Вход/Регистрация
Государь всея Руси
вернуться

Полуйко Валерий Васильевич

Шрифт:

Для остальных, впрочем, эта царская выходка не была ни зловещей, ни странной. Решили: боронит царь свояка, тянет, как обычно, за уши своих закосневших [176] родственников. Так было с Захарьиными, так теперь велось с Темрюками, стало быть, поведётся ещё и с Сицким. Дивиться такому давно перестали и не больно горевали от этого местнического произвола царя — даже сами пострадавшие. Знали: те, кто поднят по царскому изволу, не много значат в истинном местническом счёте и чаще всего сами избегают настоящих споров. «А хоти буде таков разряд и был, и то была государева воля», — крыли обычно таких искателей мест истые местники.

176

3акосневших — здесь: не добившихся высоких чинов, знатности, незначительных в местническом отношении.

Удивило только, что Чёботов слишком уж болезненно воспринял царский приговор, но покорно, безропотно согласился с ним. Ещё более дивило иное: после ухода царя Сицкий высокомерно выговорил Чёботову за то, что тот безлепо дерзнул искать на нём отечества [177] , и Чёботов снёс это. И враз повеяло на него холодом отчуждения. Как бы там ни было, а обычай и правила чести не позволяли поступаться местом так легко и безропотно. Снести от царя неправый суд — куда ни шло! Все подвластны этому суду, да нередко противились и ему; но стерпеть гордостные и каверзные нарекания от того, на которого бил челом, было и худо и зазорно. Такое не прощалось, такому не было оправдания, такое ложилось пятном на весь род утеснённого в месте — до последнего его колена.

177

Искать отечества — отстаивать родовую честь.

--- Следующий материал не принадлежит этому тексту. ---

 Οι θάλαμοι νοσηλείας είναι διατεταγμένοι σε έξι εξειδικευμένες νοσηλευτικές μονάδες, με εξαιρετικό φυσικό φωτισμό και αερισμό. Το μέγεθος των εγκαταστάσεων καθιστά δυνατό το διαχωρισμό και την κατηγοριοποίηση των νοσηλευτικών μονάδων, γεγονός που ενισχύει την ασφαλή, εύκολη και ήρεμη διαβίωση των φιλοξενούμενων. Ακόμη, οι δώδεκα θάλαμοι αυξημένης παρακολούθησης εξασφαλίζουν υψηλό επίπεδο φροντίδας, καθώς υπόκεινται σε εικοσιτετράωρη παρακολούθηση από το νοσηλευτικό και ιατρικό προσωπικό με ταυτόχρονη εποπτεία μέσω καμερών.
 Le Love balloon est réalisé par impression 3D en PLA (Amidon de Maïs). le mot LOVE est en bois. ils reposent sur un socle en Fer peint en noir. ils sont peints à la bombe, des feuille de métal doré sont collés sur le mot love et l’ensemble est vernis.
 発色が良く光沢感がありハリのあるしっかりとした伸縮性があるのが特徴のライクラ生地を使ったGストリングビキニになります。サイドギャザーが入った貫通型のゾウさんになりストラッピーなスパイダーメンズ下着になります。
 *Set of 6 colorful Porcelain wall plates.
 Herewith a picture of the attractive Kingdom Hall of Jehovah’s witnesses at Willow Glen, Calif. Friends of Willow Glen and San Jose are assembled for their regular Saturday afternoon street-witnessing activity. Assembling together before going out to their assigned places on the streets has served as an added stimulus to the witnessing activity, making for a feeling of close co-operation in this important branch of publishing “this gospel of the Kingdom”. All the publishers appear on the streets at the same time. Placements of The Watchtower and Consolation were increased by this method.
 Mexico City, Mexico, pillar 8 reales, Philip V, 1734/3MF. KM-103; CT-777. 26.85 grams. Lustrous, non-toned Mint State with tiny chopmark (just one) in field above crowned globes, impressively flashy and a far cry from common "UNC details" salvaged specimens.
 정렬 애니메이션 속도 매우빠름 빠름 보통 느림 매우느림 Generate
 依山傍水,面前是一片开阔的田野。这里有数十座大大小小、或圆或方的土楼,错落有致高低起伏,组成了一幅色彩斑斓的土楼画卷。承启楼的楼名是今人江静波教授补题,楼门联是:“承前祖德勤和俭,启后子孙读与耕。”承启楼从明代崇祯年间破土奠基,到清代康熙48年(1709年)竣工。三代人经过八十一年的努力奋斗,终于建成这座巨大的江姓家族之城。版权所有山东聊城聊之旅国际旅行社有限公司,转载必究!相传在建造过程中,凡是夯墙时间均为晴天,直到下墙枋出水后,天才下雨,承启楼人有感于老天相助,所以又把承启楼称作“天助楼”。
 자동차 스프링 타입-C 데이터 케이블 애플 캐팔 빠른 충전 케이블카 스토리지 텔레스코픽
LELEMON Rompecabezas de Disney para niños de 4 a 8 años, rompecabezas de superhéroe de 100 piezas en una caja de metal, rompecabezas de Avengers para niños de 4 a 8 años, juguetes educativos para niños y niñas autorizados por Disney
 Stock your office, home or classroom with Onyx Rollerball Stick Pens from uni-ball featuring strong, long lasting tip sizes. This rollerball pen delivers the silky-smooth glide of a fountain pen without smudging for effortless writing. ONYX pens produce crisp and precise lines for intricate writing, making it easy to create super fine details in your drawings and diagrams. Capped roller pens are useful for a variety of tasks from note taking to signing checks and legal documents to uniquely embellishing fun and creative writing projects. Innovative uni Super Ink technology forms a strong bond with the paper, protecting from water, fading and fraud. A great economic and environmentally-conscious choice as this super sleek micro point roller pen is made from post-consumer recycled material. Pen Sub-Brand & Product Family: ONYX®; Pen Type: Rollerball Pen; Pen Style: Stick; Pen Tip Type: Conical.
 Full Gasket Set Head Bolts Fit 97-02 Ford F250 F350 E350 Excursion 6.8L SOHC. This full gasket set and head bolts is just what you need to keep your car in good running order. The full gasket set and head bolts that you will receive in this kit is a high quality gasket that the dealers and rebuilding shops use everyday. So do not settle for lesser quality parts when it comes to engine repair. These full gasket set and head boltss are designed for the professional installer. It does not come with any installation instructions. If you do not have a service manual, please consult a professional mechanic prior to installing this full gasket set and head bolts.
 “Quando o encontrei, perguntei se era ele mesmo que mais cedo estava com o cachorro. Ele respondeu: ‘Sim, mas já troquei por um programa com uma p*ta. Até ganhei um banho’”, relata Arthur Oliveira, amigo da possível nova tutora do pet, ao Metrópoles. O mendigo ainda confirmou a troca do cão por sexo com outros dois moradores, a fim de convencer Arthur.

Пусть бы миску похлёбки вывернул в сердцах на царского свояка Чёботов, пусть бы обругал, осмеял его в свой черёд, пусть бы даже просто огрызнулся, не смолчал, не спустил Сицкому надменности, и то зачлось бы ему и уменьшило позор. Так нет же, нет, ни единым словом не защитил себя Чёботов. А ведь далеко не робкого десятка был боярин, и гордыбачлив и ершист, случалось попадать ему и в опалы — сносил с достоинством, и вдруг такое странное смиренство, как будто царский приговор убил в нём разом и честь, и достоинство, и смелость, и стыд... И не укоризна, не осуждение — презрение лежало на лицах бояр, когда они, после ухода царя, стали вылезать из-за стола и сторониться Чёботова как зачумлённого. Один лишь Алексей Басманов не почурался опозоренного боярина, хотя, казалось, кому, как не Басманову-то, которому вскорости предстояло породниться с Сицким, более других и презреть Чёботова, скрепив этим презрением будущие родственные узы. Ан нет! Басманов и тут остался Басмановым. Ему явно было наплевать на Сицкого, как, впрочем, и на всех остальных бояр. Их единодушное презрение к Чёботову ничуть не смутило его — у него своё было на уме. Этим он всегда и отличался, и этого больше всего не любили в нём.

Нынче, коли царь допустил его к себе и всё чаще советуется с ним, басмановского себеумия стали уже и опасаться; некоторые до такой степени, что о всяком, порой самом пустячном разговоре с Басмановым с глазу на глаз старались непременно поведать царю — любыми путями и способами, оберегая себя таким образом от возможной западни.

Боялись басмановского ума, его холодности, странности... Вкупе с царским умом он составлял страшную силу, пренебрегать которой было так же опасно, как и соединяться с ней в союз. Такому союзу чужды святые заповеди, и сильный в нём всегда принесёт в жертву слабого, спасая или возвышая себя, поэтому даже льстецы и прихлебатели, набрасывающиеся на царских любимцев, как свора голодных собак, чая поживиться крохами с их стола, даже они, готовые на всё и прошедшие через всё, не проявляли своего обычного рвения и сторонились Басманова. У этой братии чутьё — будто собака вживлена в них, и раз уж они, всеядные, воротили от него носы, значит, чуяли в нём тот опасный, отталкивающий душок, от которого могло опростать и их чрева.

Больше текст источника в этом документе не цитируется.